*** Dataset excerpt ***
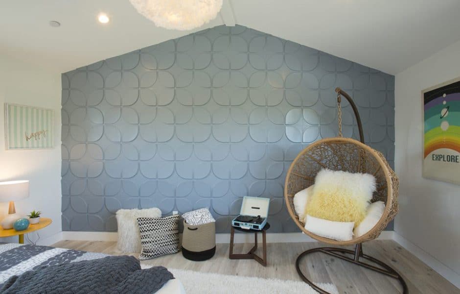 Accent walls don’t always have to be done with tile or wallpaper. I took an eco-chic chance on these decorative 3D acoustic panels made of bamboo fiber, which I painted a blueish-gray and then applied with contact cement. The resulting statement wall provides texture and color in addition to showing off the room’s sky-high ceiling.
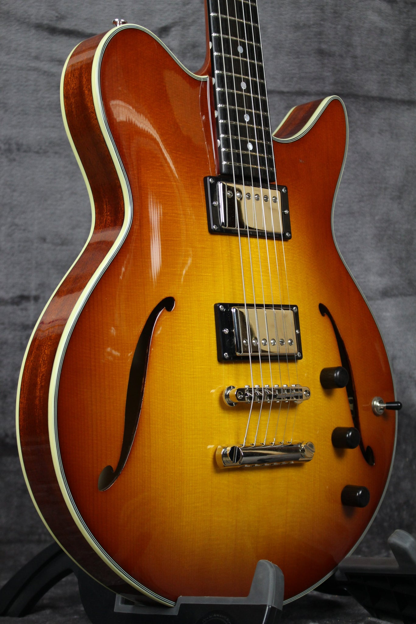 Body: Vintage sunburst, thinline archtop, the top is solid spruce and back and sides are mahogany laminate, gloss finish, cream and black binding on the top/back, dimensions are 14.75” x 1.75”.
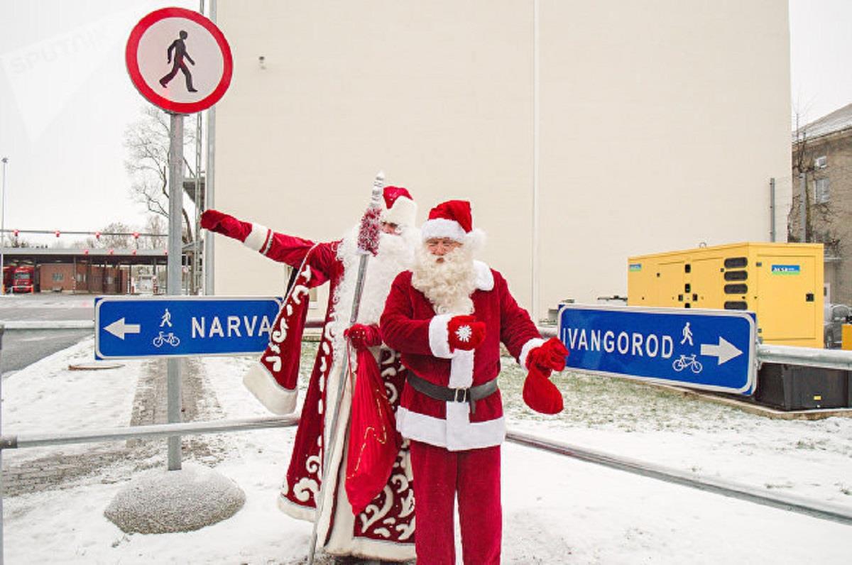 Оказывается, эстонский старец по примеру европейского Санта-Клауса на голове носит остроконечный колпак, одет в теплые куртку и штаны, а русский Дед Мороз носит боярскую шапку и одет в шубу. Кроме того, у Деда Мороза в руках посох, да и борода у него длинная.
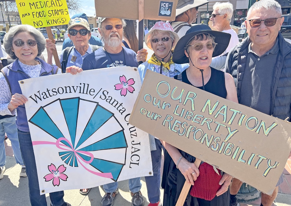 Members of the Watsonville-Santa Cruz JACL chapter attended the “No Kings Rally” on Feb. 28 at the Watsonville City Plaza. Pictured are (from left) Marcia Hashimoto, Amy Newell, Paul Kaneko, Carol Kaneko, Maria Burnett and Victor Kimura. (Photo: Courtesy of Watsonville-Santa Cruz JACL)
*** End of Dataset excerpt ***
*Your instructions:* Leaving the pictures out, copy exactly the lines from the line that contains "Body: Vintage sunburst, thinline" to the last line of the data, both ends included.

*Completed task:*
 Body: Vintage sunburst, thinline archtop, the top is solid spruce and back and sides are mahogany laminate, gloss finish, cream and black binding on the top/back, dimensions are 14.75” x 1.75”.
 Оказывается, эстонский старец по примеру европейского Санта-Клауса на голове носит остроконечный колпак, одет в теплые куртку и штаны, а русский Дед Мороз носит боярскую шапку и одет в шубу. Кроме того, у Деда Мороза в руках посох, да и борода у него длинная.
 Members of the Watsonville-Santa Cruz JACL chapter attended the “No Kings Rally” on Feb. 28 at the Watsonville City Plaza. Pictured are (from left) Marcia Hashimoto, Amy Newell, Paul Kaneko, Carol Kaneko, Maria Burnett and Victor Kimura. (Photo: Courtesy of Watsonville-Santa Cruz JACL)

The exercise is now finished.